Dataset excerpt Start Marker

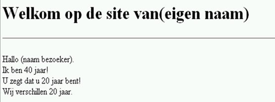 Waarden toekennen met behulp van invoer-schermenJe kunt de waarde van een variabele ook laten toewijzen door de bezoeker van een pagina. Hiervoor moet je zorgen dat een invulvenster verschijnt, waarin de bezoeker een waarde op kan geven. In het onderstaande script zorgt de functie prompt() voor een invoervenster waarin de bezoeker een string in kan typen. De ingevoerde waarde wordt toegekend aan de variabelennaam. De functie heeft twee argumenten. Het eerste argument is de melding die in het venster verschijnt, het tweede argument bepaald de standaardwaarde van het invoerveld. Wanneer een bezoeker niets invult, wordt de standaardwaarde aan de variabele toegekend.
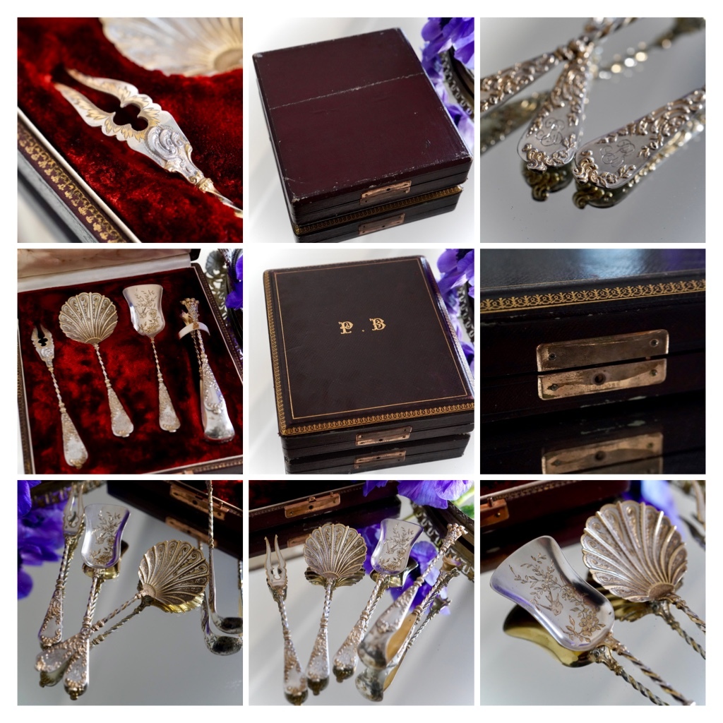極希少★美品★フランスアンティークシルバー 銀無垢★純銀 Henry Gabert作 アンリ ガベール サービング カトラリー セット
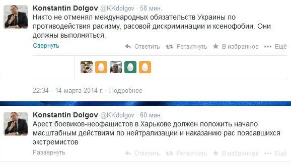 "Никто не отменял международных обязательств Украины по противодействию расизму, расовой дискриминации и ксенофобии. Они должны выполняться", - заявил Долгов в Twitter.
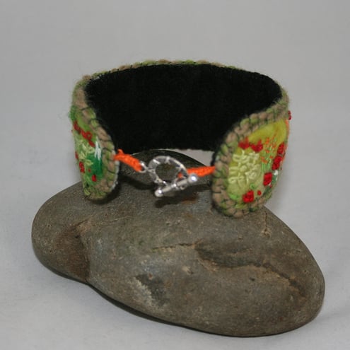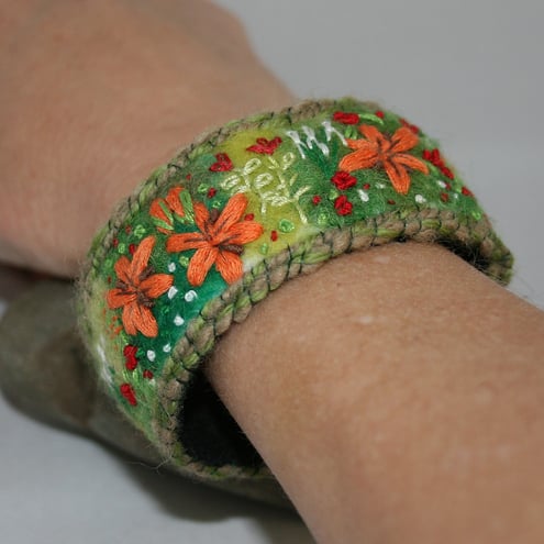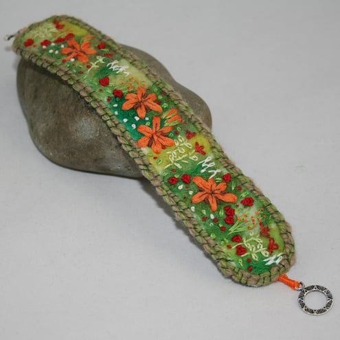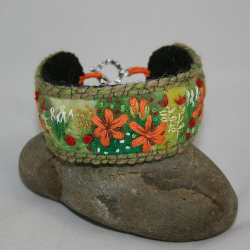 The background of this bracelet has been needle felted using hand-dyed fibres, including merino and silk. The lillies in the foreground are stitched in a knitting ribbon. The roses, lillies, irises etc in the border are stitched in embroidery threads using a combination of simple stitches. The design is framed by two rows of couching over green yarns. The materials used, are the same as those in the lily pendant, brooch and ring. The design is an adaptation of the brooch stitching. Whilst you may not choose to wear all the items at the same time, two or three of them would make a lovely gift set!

Dataset excerpt End Marker

Required action.
The answer should hold every line of the listing, copied exactly, with no pictures.

Your response.
 Waarden toekennen met behulp van invoer-schermenJe kunt de waarde van een variabele ook laten toewijzen door de bezoeker van een pagina. Hiervoor moet je zorgen dat een invulvenster verschijnt, waarin de bezoeker een waarde op kan geven. In het onderstaande script zorgt de functie prompt() voor een invoervenster waarin de bezoeker een string in kan typen. De ingevoerde waarde wordt toegekend aan de variabelennaam. De functie heeft twee argumenten. Het eerste argument is de melding die in het venster verschijnt, het tweede argument bepaald de standaardwaarde van het invoerveld. Wanneer een bezoeker niets invult, wordt de standaardwaarde aan de variabele toegekend.
極希少★美品★フランスアンティークシルバー 銀無垢★純銀 Henry Gabert作 アンリ ガベール サービング カトラリー セット
 "Никто не отменял международных обязательств Украины по противодействию расизму, расовой дискриминации и ксенофобии. Они должны выполняться", - заявил Долгов в Twitter.
 The background of this bracelet has been needle felted using hand-dyed fibres, including merino and silk. The lillies in the foreground are stitched in a knitting ribbon. The roses, lillies, irises etc in the border are stitched in embroidery threads using a combination of simple stitches. The design is framed by two rows of couching over green yarns. The materials used, are the same as those in the lily pendant, brooch and ring. The design is an adaptation of the brooch stitching. Whilst you may not choose to wear all the items at the same time, two or three of them would make a lovely gift set!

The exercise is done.